- [INSTRUCTIONS FOR THE TASK] Everything in the records below from the line containing "طاولة 1 الوزن: 27.4" through the line containing "بطنك بشكل مثالي" is to be reproduced exactly, those two lines included; no picture is to be copied.

- [RECORDS FOR PROCESSING]

····················

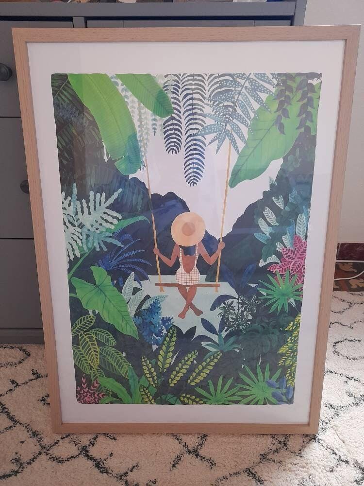 Let your imagination soar with Swing. This enchanting poster features a lady on a swing, suspended in a heavenly place surrounded by lush tropical plants 🌿🌸.
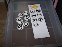 bIg bIrd bottlecap letter match game. I download it from here. I also made up my own sheets after downloading the letter templates from Shannon’s site.
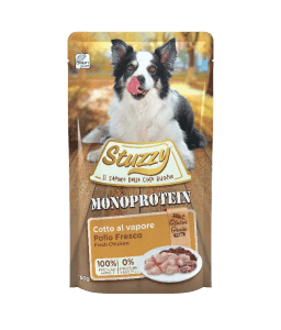 Stuzzy Monoprotein Chicken is the complete meal for dogs you are looking for to feed your champion an inviting meal containing a single source of animal protein. Steamed to preserve the genuine quality. Try it in the convenient 150 g pouch.
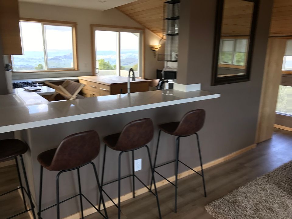 The third floor of our house is a completely separate apartment/studio. With separate entrances it has bedroom, living , kitchen and bath. There are three outdoor decks with magnificent views. Roughly nine hundred square feet, it is fairly contemporary and fully furnished.
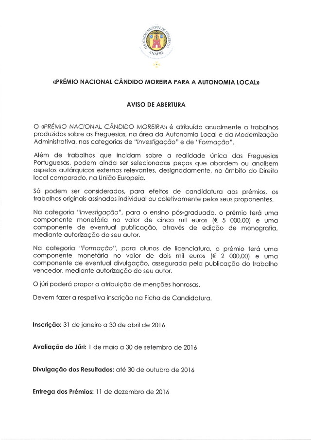 Procurando assinalar os 40 anos das primeiras Eleições Livres e Democráticas para as Autarquias Locais, a ANAFRE (Associação Nacional de Freguesias), em homenagem ao anterior Presidente, instituiu o «Prémio Nacional Cândido Moreira para a Autonomia Local».   Além de procurar reforçar e estimular os valores societários das Autarquias Locais, nomeadamente, das Freguesias, na implantação e consolidação do regime democrático em Portugal, a ANAFRE pretende levar os Portugueses a conhecer, com maior relevância, o papel da Freguesia na evolução política do sistema institucional e administrativo português e, de suma maneira, a ação das Freguesias no enquadramento e aprofundamento dos valores democráticos, de justiça, de devoção à causa pública e de elevação e incremento cultural e político dos próprios cidadãos eleitores, nos últimos 40 anos.
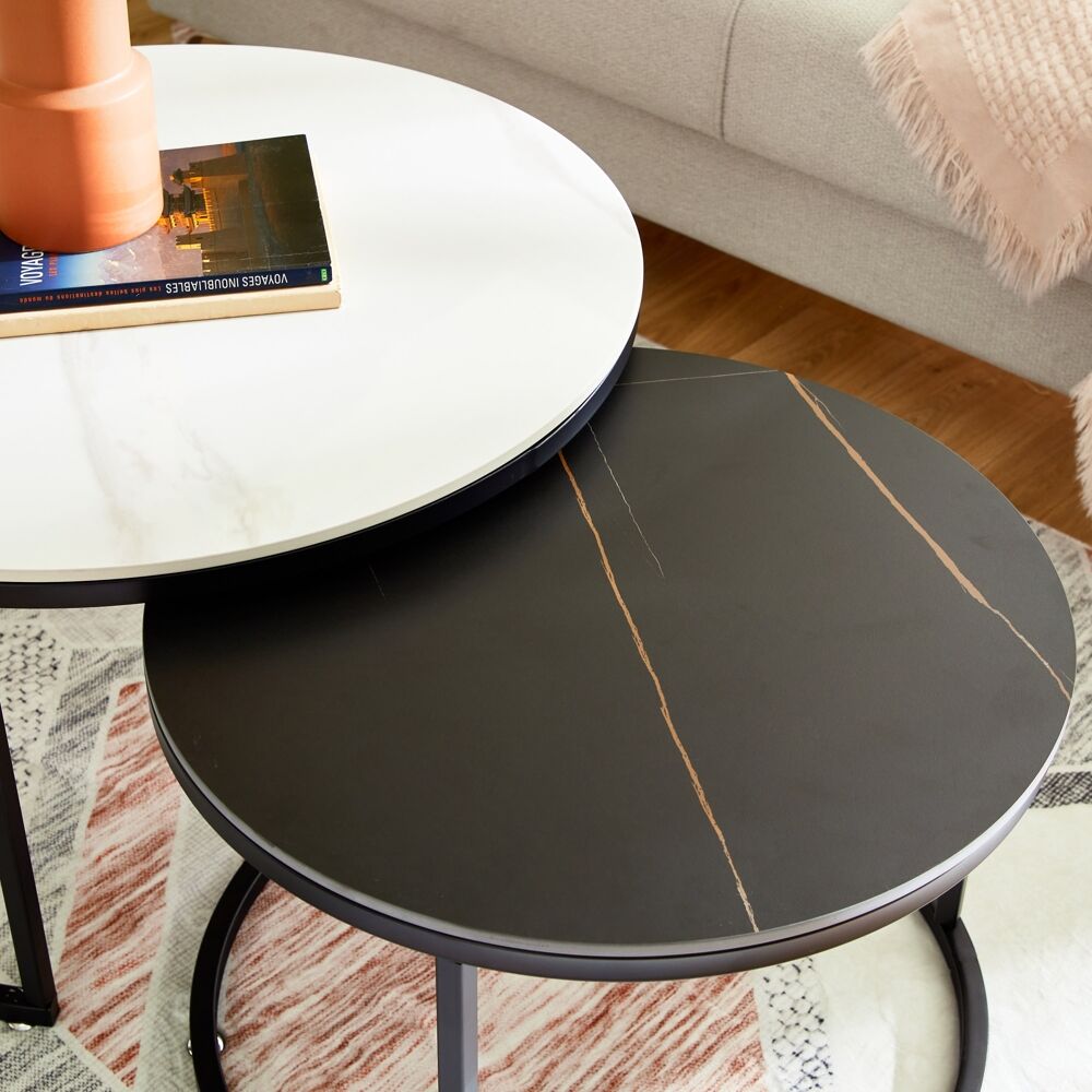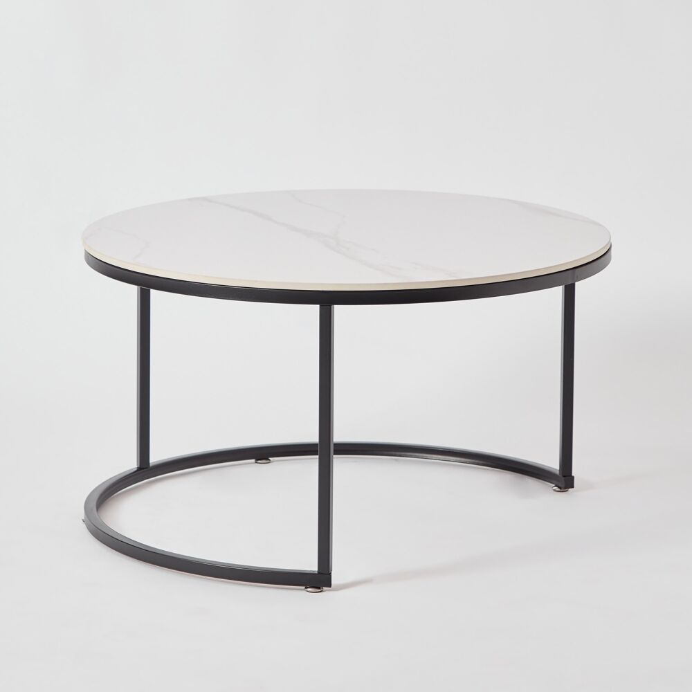 طاولة 1 الوزن: 27.4 كجم x القطر: 80 سم x الارتفاع: 45 سم طاولة 2 الوزن: 27.4 كجم x القطر: 60 سم x الارتفاع: 40 سم |
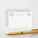 Este cartão de conselho para chá de bebê simples e fofo apresenta um fundo branco com flocos de neve prateados brilhantes falsos. O verso apresenta um fundo branco com listras diagonais prateadas falsas. Você pode encontrar produtos correspondentes na minha loja.
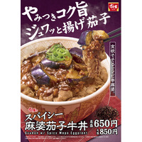 【すき家】ジュワッと揚げ茄子とシビれる辛さが食欲をそそる!すき家「スパイシー麻婆茄子牛丼」発売!
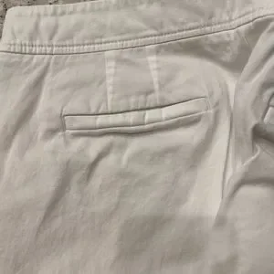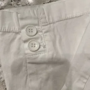 EUC, these white capri pants from Talbots (aka Pedal Pushers) have a zipper front with two hook closures at the waistband, front and back pockets, and a 2-button detail at the bottom of the leg. White trim on the inside of the waistband.
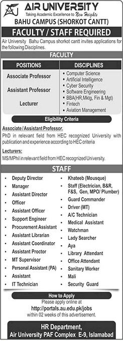 To apply for Air University Bahu Campus jobs, candidates need to fulfill the following criteria:
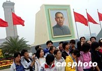 圖:中山像前紀(jì)念辛亥革命九十周年 2001年10月09日 10:32 ![]() 一班少男少女們十月歡聚在北京天安門廣場(chǎng)上的巨幅孫中山先生畫像前,游覽中懷念辛亥革命的先驅(qū)。中新社記者 賈國榮 攝 |
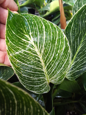 Before leaving, Birkin Variegata Philodendron plants are inspected, watered, and pruned. Larger plants, generally those that ship in 8″ pots or with totems, will be topped to 36″ or 48″ overall, depending on the variety, if necessary to facilitate shipping. Your new plants’ pot is then bagged to ensure that the soil stays in the pot and not loose in the box. Plants are tissue or kraft paper wrapped and secured in place with natural biodegradable peanuts.
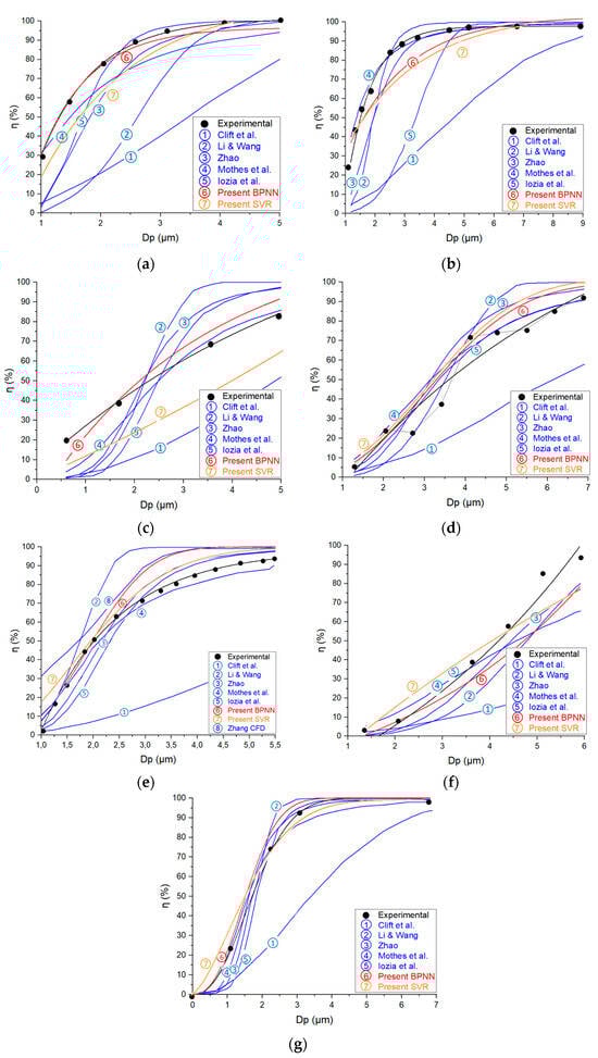 The reported results can be visualized by comparing the collection efficiency curves predicted by the present BPNN and SVR models with those of the semi-empirical and statistical models from the literature, as shown in Figure 5a–g.
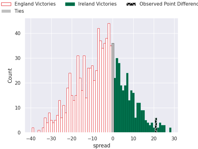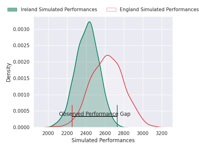 With the player model, I predicted England to win by 3.21, and Ireland won by 21.0. That’s an absolute error of 24.2 for the margin of victory, while the average error as been 14.5 for the past six months. So this prediction was more accurate than 17.1% of my recent predictions.
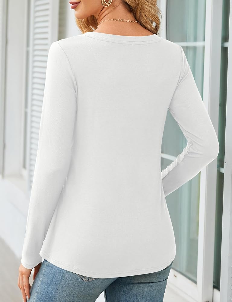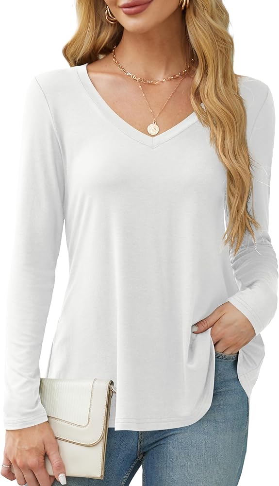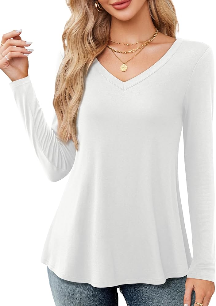 • تصميم ممتاز: تتميز قمصان Amoretu النسائية الخريفية برقبة على شكل حرف V مثيرة، ولون كلاسيكي ثابت، وحاشية متأرجحة لإخفاء بطنك بشكل مثالي
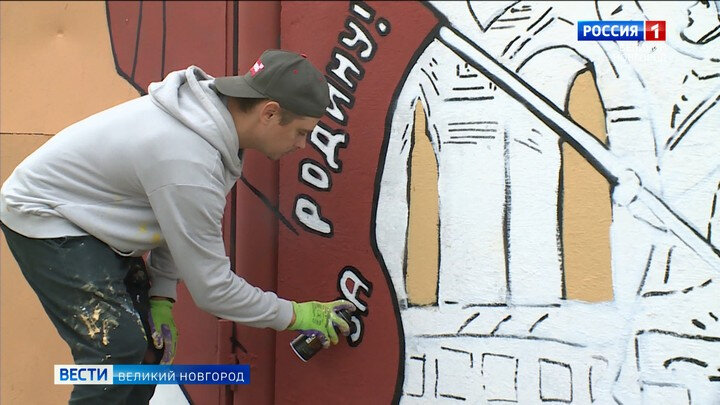 В Великом Новгороде на улице Парковой в эти дни создается новый арт объект. Написать граффити, посвященное предстоящему Дню зарождения Российской государственности на длинной стене гаражного комплекса, Антону Макушину предложили в городском комитете культуры. Уличный художник идею поддержал, тем более что его муралы уже можно встретить на фасадах многих новгородских домов. Он сделал эскиз из пяти тематических направлений, отражающих историю и культуру областного центра. Они посвящены новгородским университету и музею, русской православной церкви, зарождению российской государственности и подвигам, совершенным нашими земляками. Работа над большим муралом продолжается - граффити будет готово именно ко Дню зарождения Российской государственности, который отмечается 21 сентября.
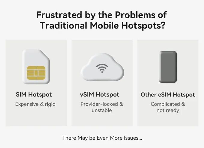 旧的SIM卡和vSIM热点设备限制众多——你被束缚于单一运营商、固化的套餐和不稳定的云连接。
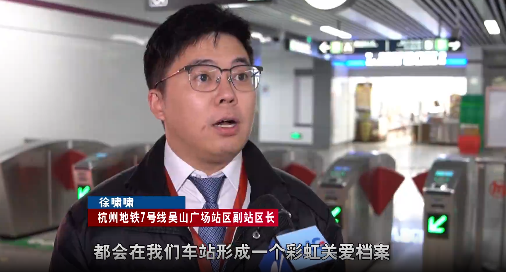 杭州地铁7号线吴山广场坐区副坐区长 徐啸啸:会正在我们车坐构成一个彩虹关爱档案,档案上会写他的乘坐时间,行为习惯等,提前通知下一个坐,做好预备。
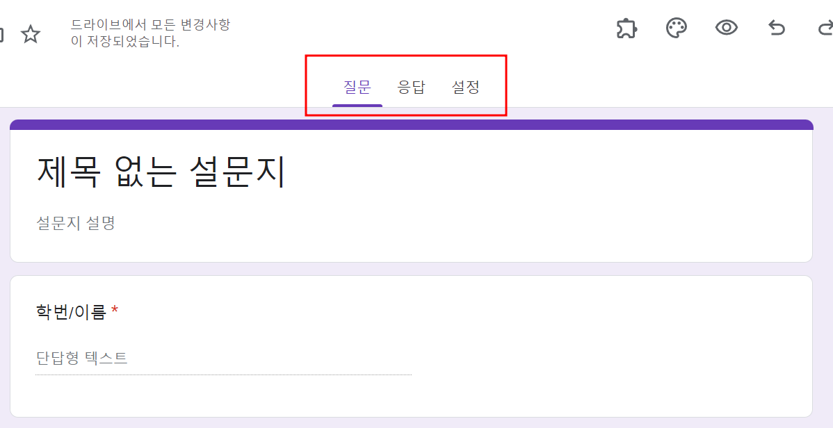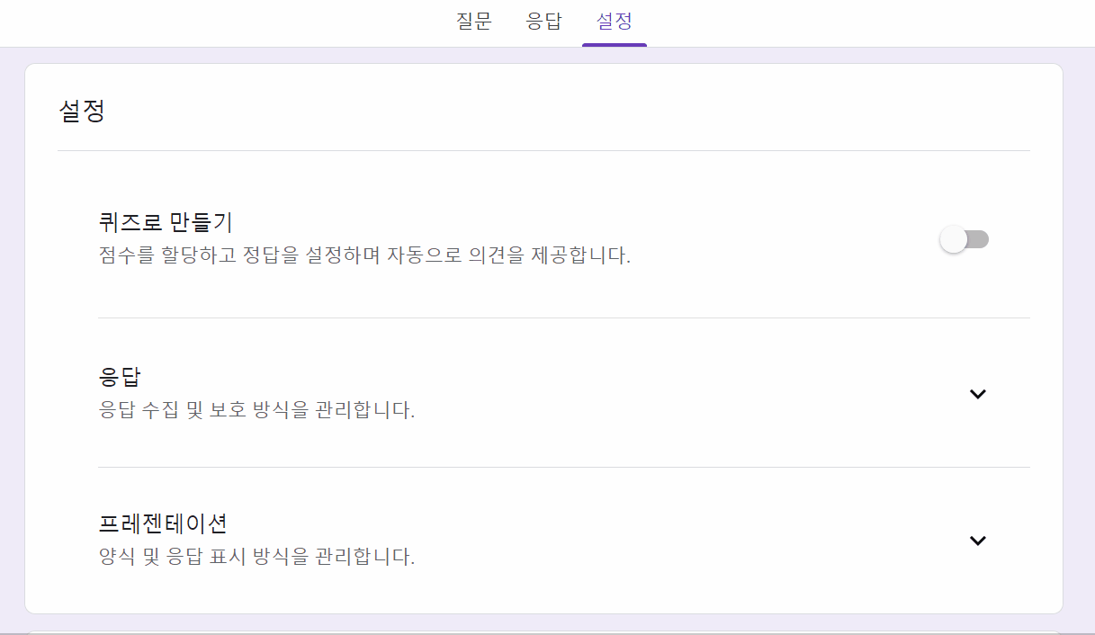 - 질문, 응답, 설정 탭 중에서 '설정'으로 이동합니다.
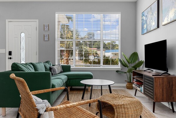 The primary/master bedroom is located on the main floor, furnished with a comfortable queen bed with a nightstand with a charging station, smart TV, and a walking closet for your luggage and clothes. In the master closet, you can find other amenities such as a portable cooler, pack 'n play, compact iron, and the iron boar. This room has also access to the backyard to our beautiful dining/sitting area.
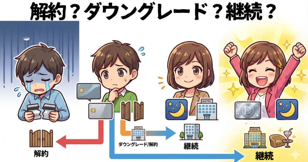 無料宿泊特典には届きませんが、ゴールドエリートだけでも価値を感じる方は、年会費34,100円の一般カードへのダウングレードも選択肢。
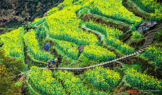 台回山的梯田,一層層如鏈似帶,從山腳盤繞到山頂,蜿蜒的小路散落其中,給人帶來無限的想像。放眼望去,金燦燦的油菜花鋪滿梯田,層巒疊嶂、連綿起伏,十分耀眼。婺源人山人海的喧鬧,開化的美景顯得更加安逸美好。遠離都市的喧囂,在金色的花海中,來一次淨化心靈的旅行。
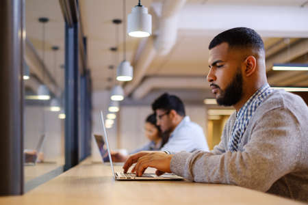 Young handsome black man concentrated focused to his laptop and working in serious mood in a modern office, copy space.
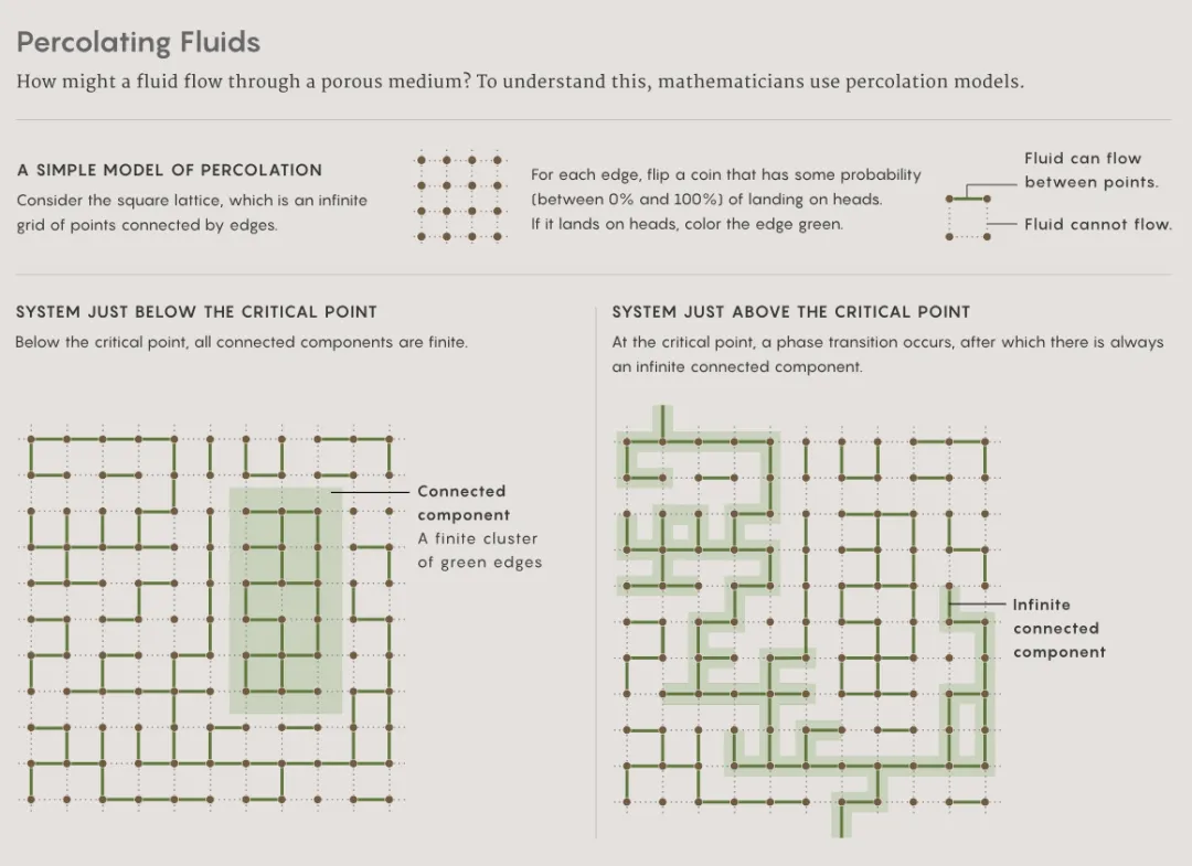 要理解数学渗透,想象一个由边连接点形成的无限网格,构成棋盘状。对每条可能的边,抛掷一枚有偏差的硬币。如果正面朝上——根据硬币的偏差,概率可能是1%、20%或80%——将边涂成黑色。否则,就留着。(在物理渗透中,黑色边意味着流体可以流过系统的该部分。)数学家想要理解连通的黑色边簇,即所谓的连通分支,是如何在原始格点上形成的。
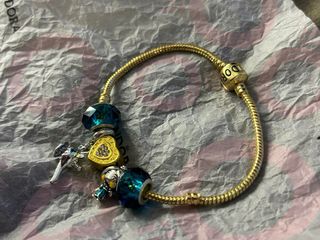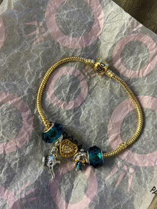Pulseira Pandora em tom dourado com vários pingentes decorativos. - Pingente de coração com pedras brilhantes. - Pingente de figura feminina. - Contas de vidro em tom azul-petróleo.
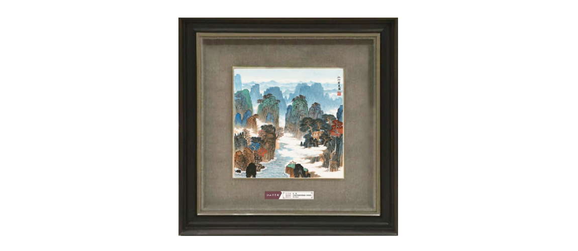 2)艺术品原作概况:由瀋陽所作工笔山水小品《江山万里图》,绘于原装进口日本镜片。原作题材取自中华民族的名山大川、气势恢宏、重峦叠嶂;用笔线条勾回繁复、苍劲有力、浓淡相宜;重彩设色十分考究,通过矿物颜料反复研磨、尝试、晕染,整体感浓重而瑰丽、沉稳而静谧;画面所现云雾、山峰、古树、瀑布、溪涧空间分布错落有致,前景礁石、亭阁细致而有趣味、中景山峦层层叠叠、远景云天清奇缥缈,尽显中国工笔山水的魅力。

····················

- [REPLY]
 طاولة 1 الوزن: 27.4 كجم x القطر: 80 سم x الارتفاع: 45 سم طاولة 2 الوزن: 27.4 كجم x القطر: 60 سم x الارتفاع: 40 سم |
 Este cartão de conselho para chá de bebê simples e fofo apresenta um fundo branco com flocos de neve prateados brilhantes falsos. O verso apresenta um fundo branco com listras diagonais prateadas falsas. Você pode encontrar produtos correspondentes na minha loja.
 【すき家】ジュワッと揚げ茄子とシビれる辛さが食欲をそそる!すき家「スパイシー麻婆茄子牛丼」発売!
 EUC, these white capri pants from Talbots (aka Pedal Pushers) have a zipper front with two hook closures at the waistband, front and back pockets, and a 2-button detail at the bottom of the leg. White trim on the inside of the waistband.
 To apply for Air University Bahu Campus jobs, candidates need to fulfill the following criteria:
 圖:中山像前紀(jì)念辛亥革命九十周年 2001年10月09日 10:32 ![]() 一班少男少女們十月歡聚在北京天安門廣場(chǎng)上的巨幅孫中山先生畫像前,游覽中懷念辛亥革命的先驅(qū)。中新社記者 賈國榮 攝 |
 Before leaving, Birkin Variegata Philodendron plants are inspected, watered, and pruned. Larger plants, generally those that ship in 8″ pots or with totems, will be topped to 36″ or 48″ overall, depending on the variety, if necessary to facilitate shipping. Your new plants’ pot is then bagged to ensure that the soil stays in the pot and not loose in the box. Plants are tissue or kraft paper wrapped and secured in place with natural biodegradable peanuts.
 The reported results can be visualized by comparing the collection efficiency curves predicted by the present BPNN and SVR models with those of the semi-empirical and statistical models from the literature, as shown in Figure 5a–g.
 With the player model, I predicted England to win by 3.21, and Ireland won by 21.0. That’s an absolute error of 24.2 for the margin of victory, while the average error as been 14.5 for the past six months. So this prediction was more accurate than 17.1% of my recent predictions.
 • تصميم ممتاز: تتميز قمصان Amoretu النسائية الخريفية برقبة على شكل حرف V مثيرة، ولون كلاسيكي ثابت، وحاشية متأرجحة لإخفاء بطنك بشكل مثالي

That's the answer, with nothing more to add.